Besides primary hereditary idiopathic form of erythromelalgia, secondary form, that occur with hypertention, diabetes, rheumatoid arthritis, lupus erythematoses, thromboangitis obliterans, gout, vasculitis, myeloproliferative disorders of erythromelalgia, has been well-known[2,3]. Recently, Thami and Bhalla reported the first case of erythromelalgia associated with psoriasis[4]. In their report, they considered that the cause of erythromelalgia is secondary to cyclosporine administration, which might cause the possible calcium channel blockade[4].In our case, the patient also had been treated by cyclosporine A, but erythromelalgia in our case appeared almost 6 months after the last treatment of cyclosporine, suggesting no association of cyclosporine A. Moreover, one report argued this explanation; cyclosporine rather rapidly improves erythromelalgia[5].One possible explanation of the cause of our patient is that erythromelalgia appeared secondary to psoriasis rather than caused by calcium channel blockade from cyclosporine.
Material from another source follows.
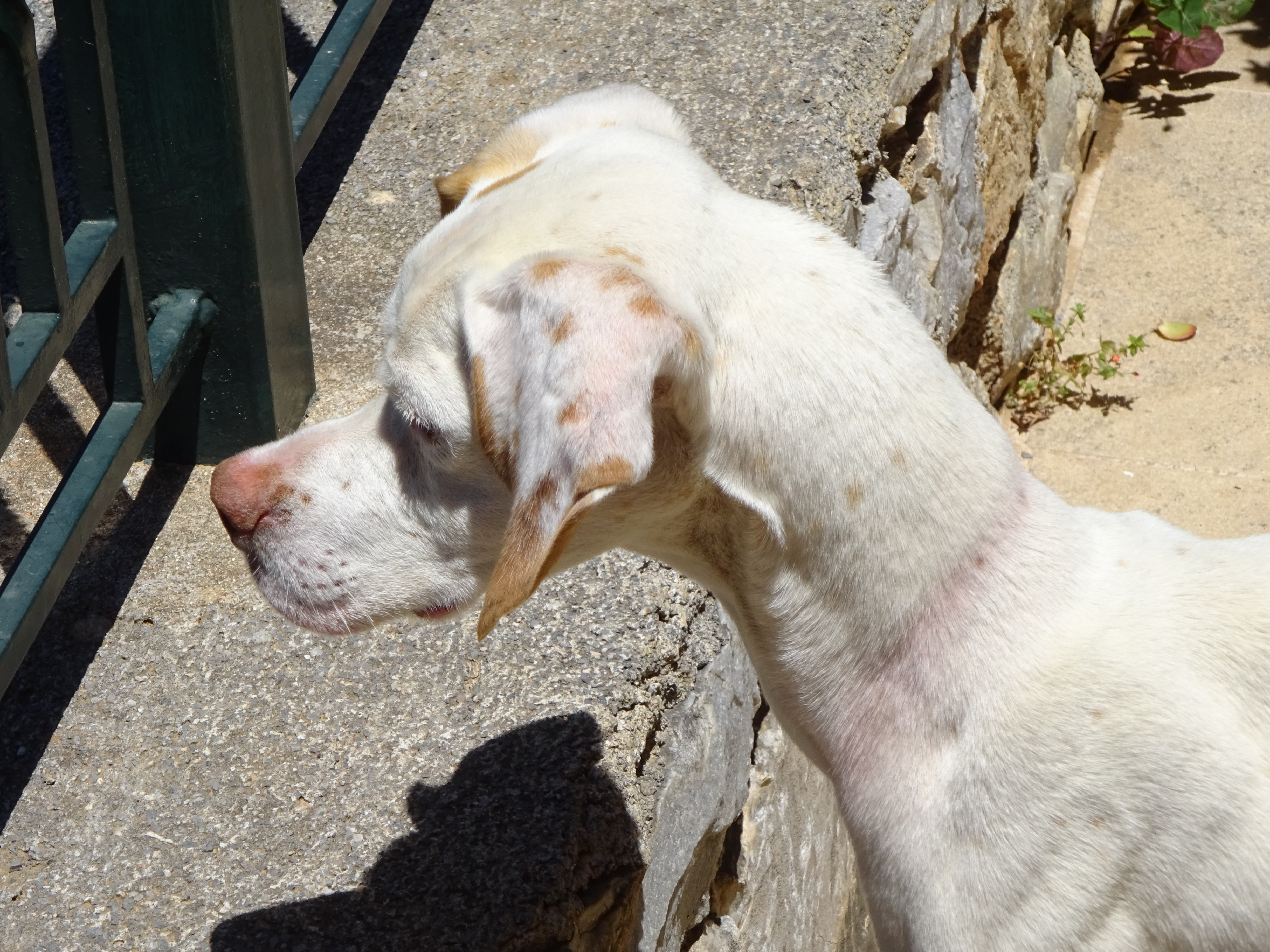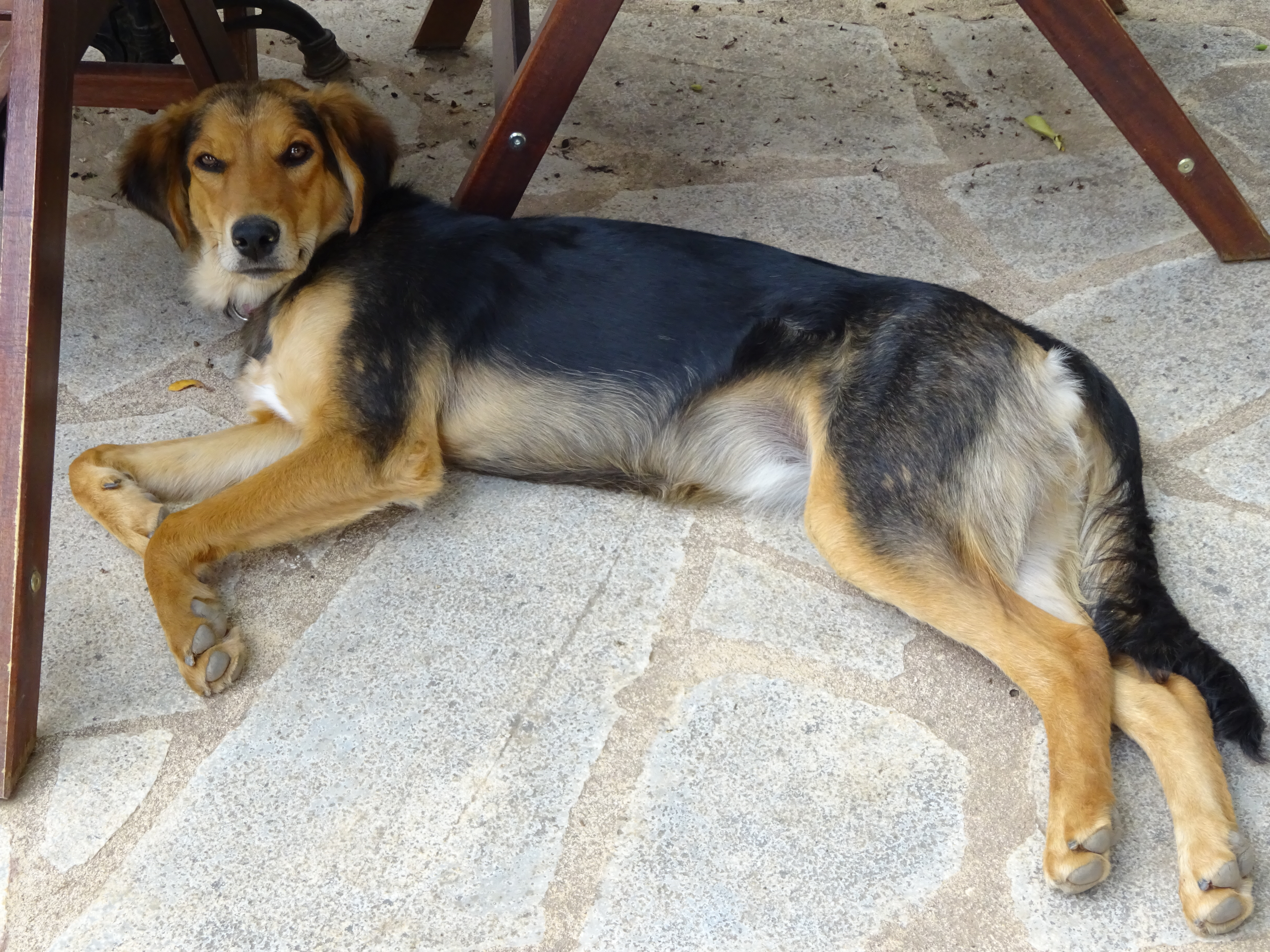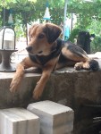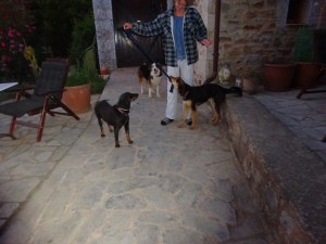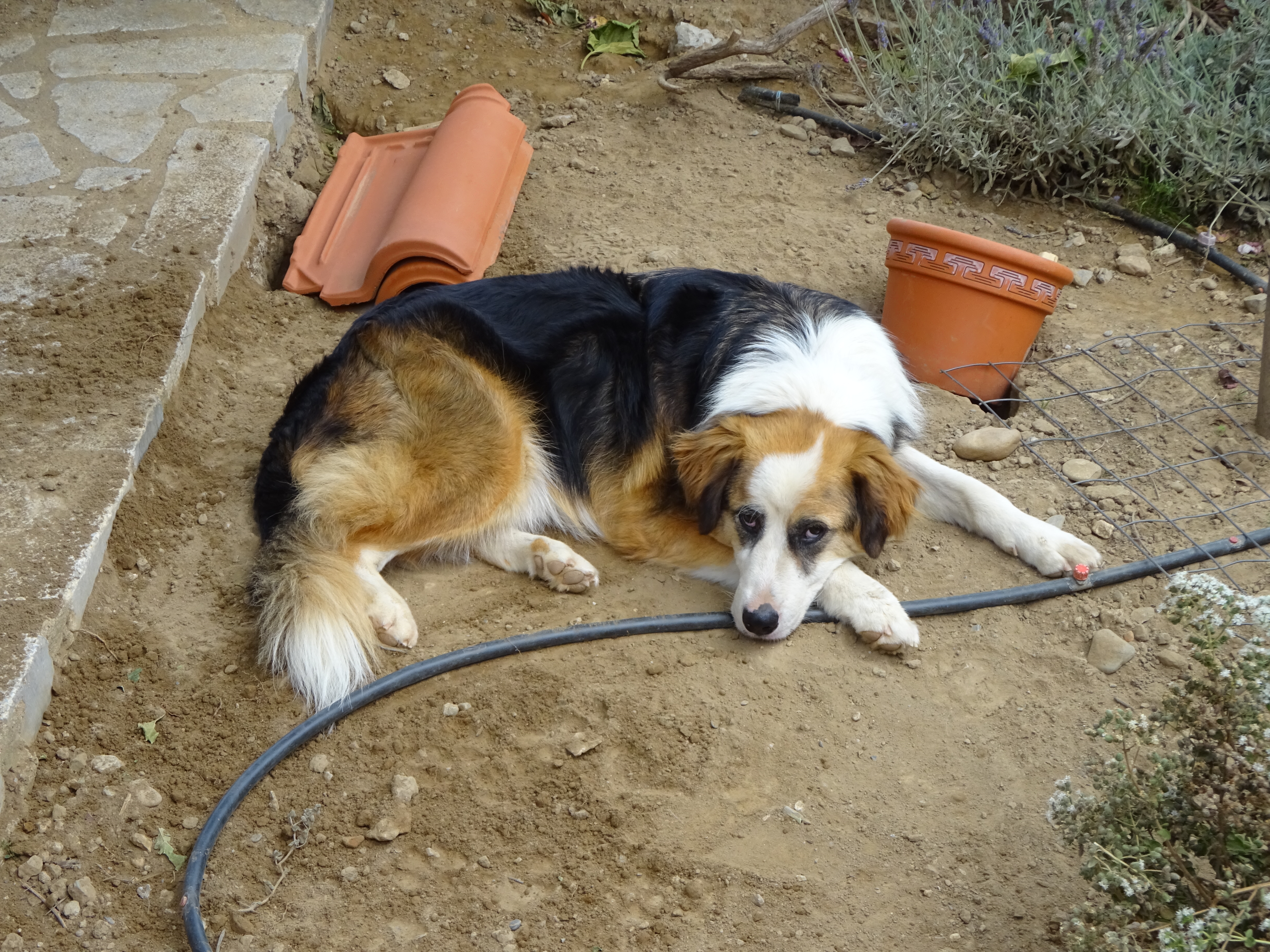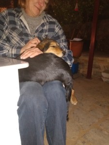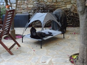 weet iedere nacht ten minste 2 spullen te vernielen. Dat kan zijn een tuinstoel, tuinslang, een emmer, de riem om mee te lopen, etc. Ons is verteld dat dit tijdelijk is (maar “in het licht der eeuwigheid is alles tijdelijk”), dus in de tussentijd moet ze ’s nachts en als we weg zijn in een crate/bench.

Or, alternatively, rapid treatment of palms by PUVA and topical steroid may cause microvascular arteriovenous shunting and therefore cause reddish burning palms by some unknown mechanism as previously proposed[6].
By taking low dose aspirin, burning pain and erythema of the extremities disappeared, and at the same time psoriatic plaques have also dramatically diminished. Aspirin is not a common treatment of psoriasis; representative treatment of psoriasis is topical vitamine D analogues ointment, corticosteroids, systemic treatment with methotrexate, cyclosporine, fumaric acid esters and phototherapy[7].In the old literature, we found two cases of psoriasis patients successfully treated with aspirin 1951[8,9]. Since then, no report about aspirin treatment of psoriasis is found. We do not know the reason why aspirin cause good outcome of psoriasis, but we consider that aspirin may correct hyperaggregation of platelets and enhanced cyclooxygenase activity both of which is reported to be shown in the psoriasis patients [10,11].